About this exercise
Your job is to return the whole listing unchanged while skipping its images.

Dataset content
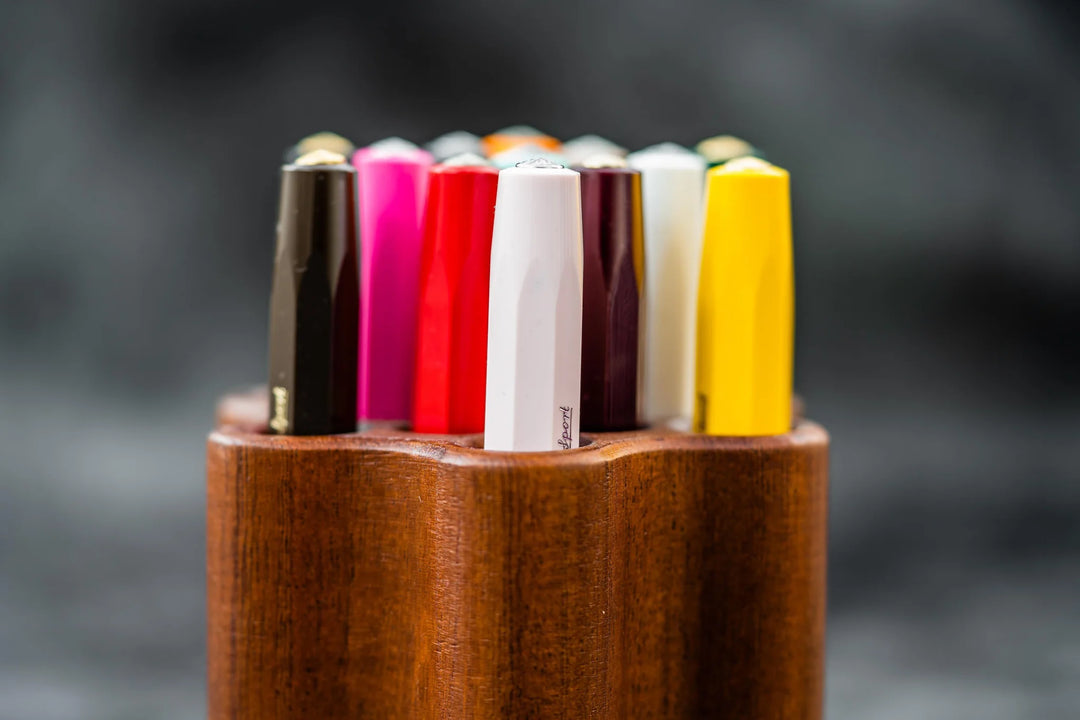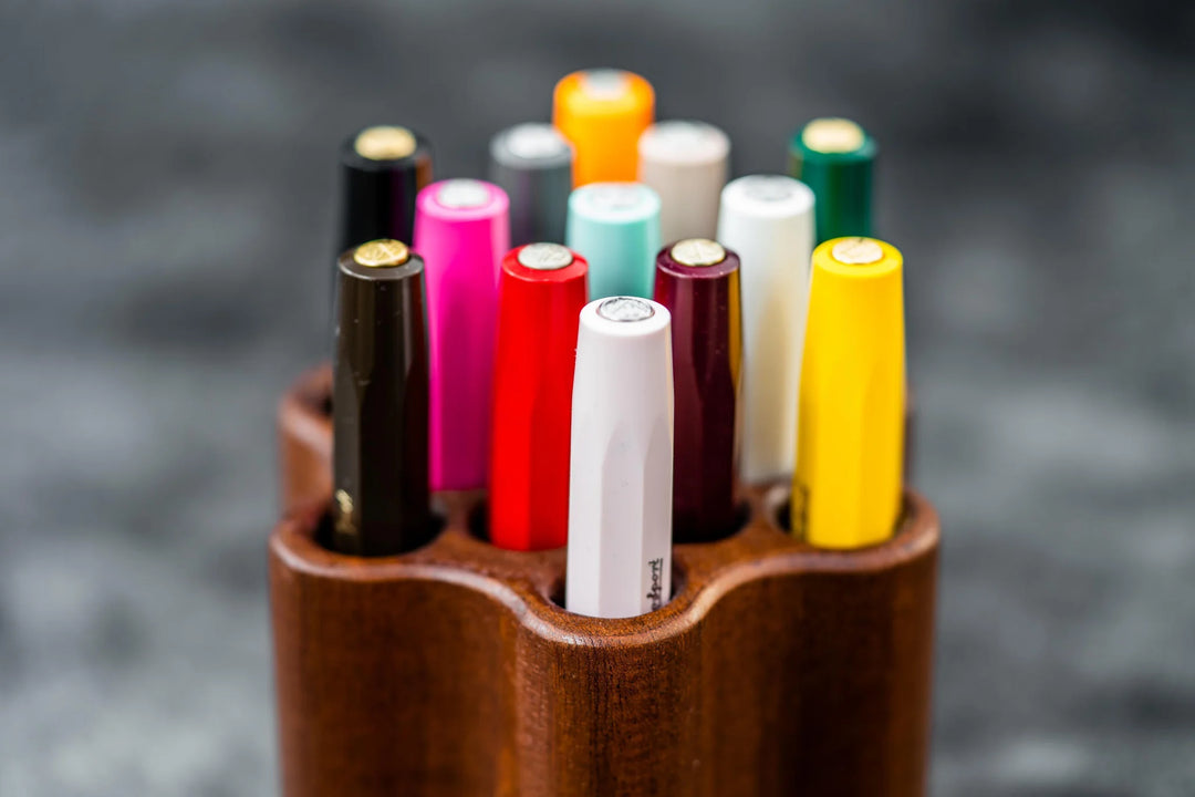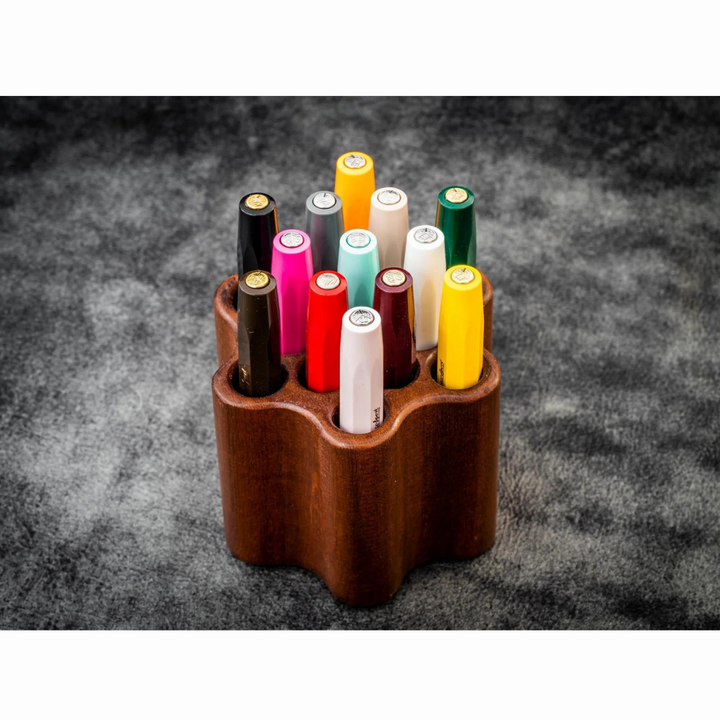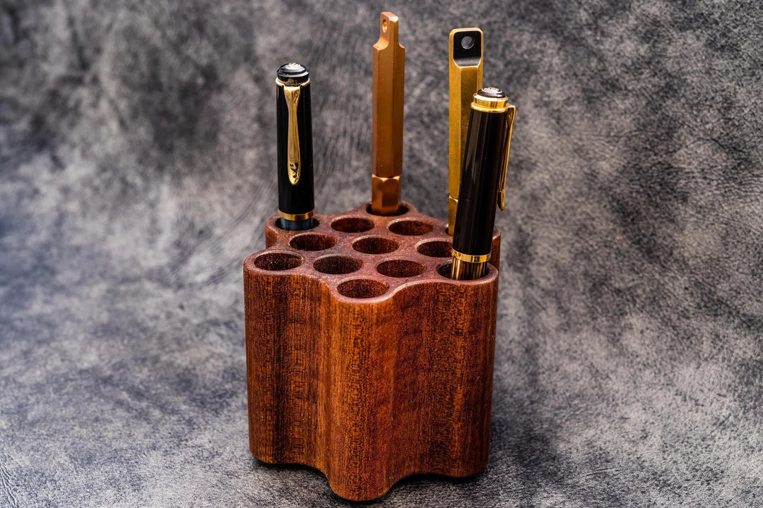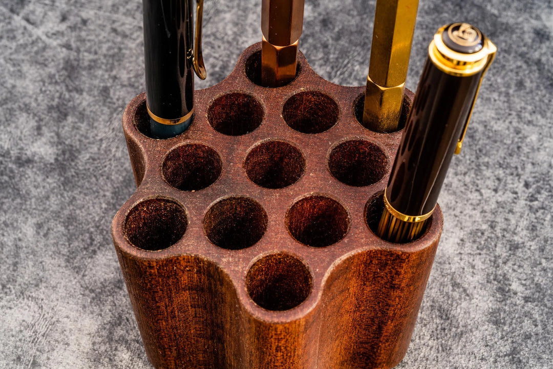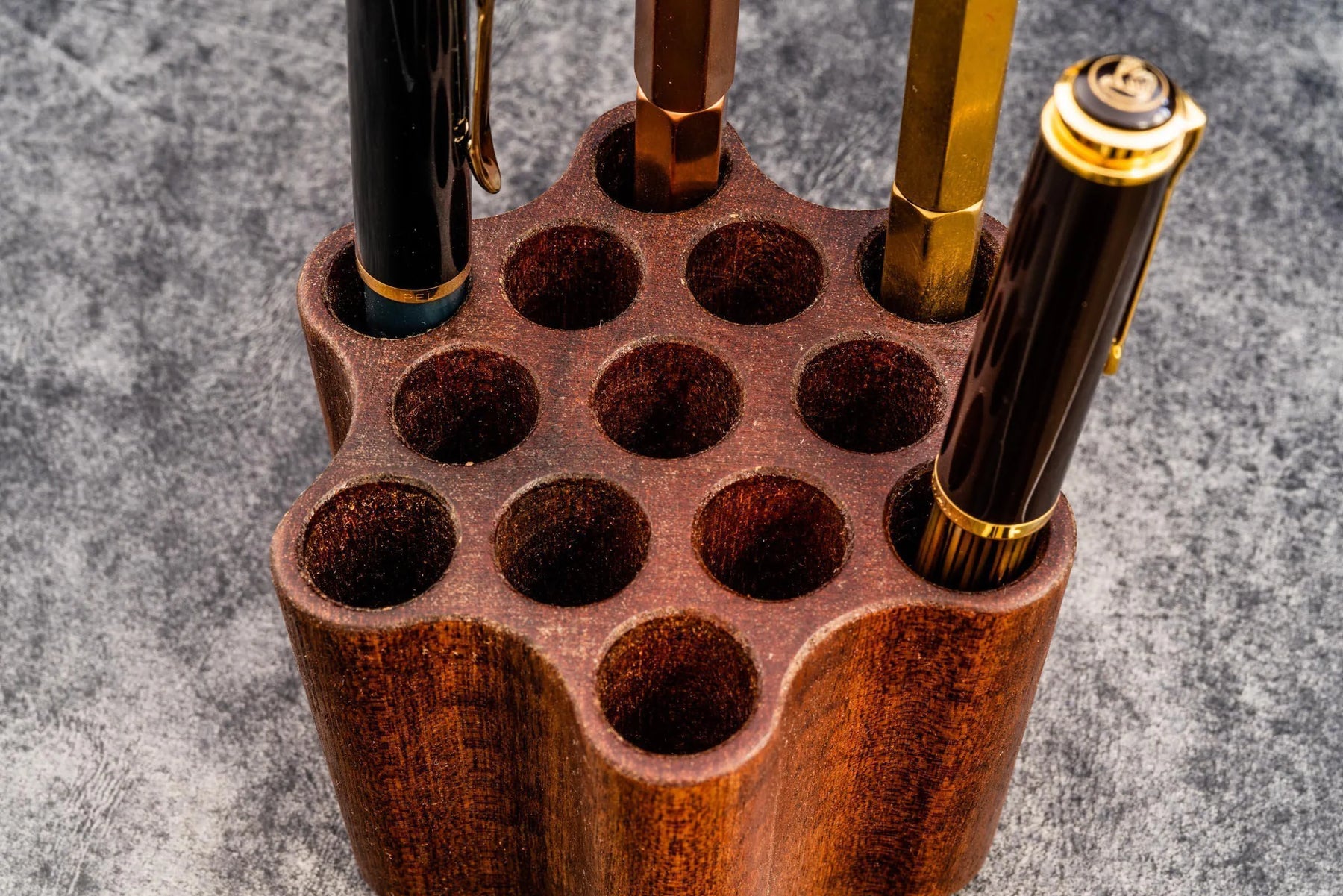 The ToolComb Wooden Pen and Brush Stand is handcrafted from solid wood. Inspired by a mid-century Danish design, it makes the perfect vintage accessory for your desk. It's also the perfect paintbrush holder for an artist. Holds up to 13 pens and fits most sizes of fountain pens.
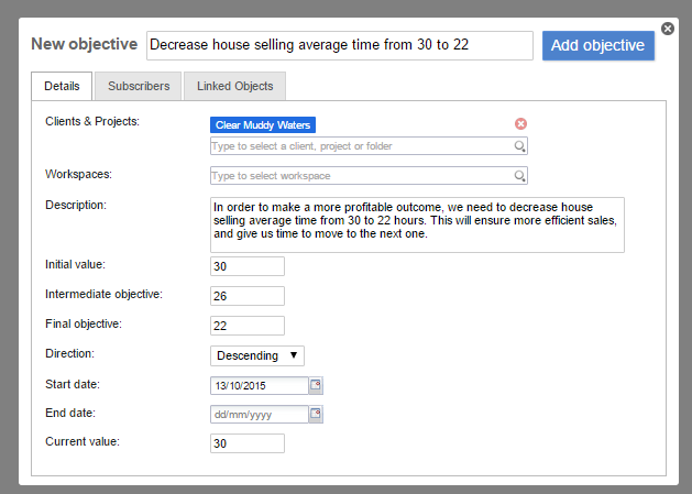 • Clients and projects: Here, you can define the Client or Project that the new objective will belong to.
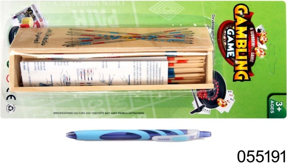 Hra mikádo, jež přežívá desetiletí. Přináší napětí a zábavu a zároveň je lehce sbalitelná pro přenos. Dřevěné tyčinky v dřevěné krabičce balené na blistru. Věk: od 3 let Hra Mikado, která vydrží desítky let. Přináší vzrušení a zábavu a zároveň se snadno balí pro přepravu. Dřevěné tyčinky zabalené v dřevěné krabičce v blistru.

Finished exercise
 The ToolComb Wooden Pen and Brush Stand is handcrafted from solid wood. Inspired by a mid-century Danish design, it makes the perfect vintage accessory for your desk. It's also the perfect paintbrush holder for an artist. Holds up to 13 pens and fits most sizes of fountain pens.
 • Clients and projects: Here, you can define the Client or Project that the new objective will belong to.
 Hra mikádo, jež přežívá desetiletí. Přináší napětí a zábavu a zároveň je lehce sbalitelná pro přenos. Dřevěné tyčinky v dřevěné krabičce balené na blistru. Věk: od 3 let Hra Mikado, která vydrží desítky let. Přináší vzrušení a zábavu a zároveň se snadno balí pro přepravu. Dřevěné tyčinky zabalené v dřevěné krabičce v blistru.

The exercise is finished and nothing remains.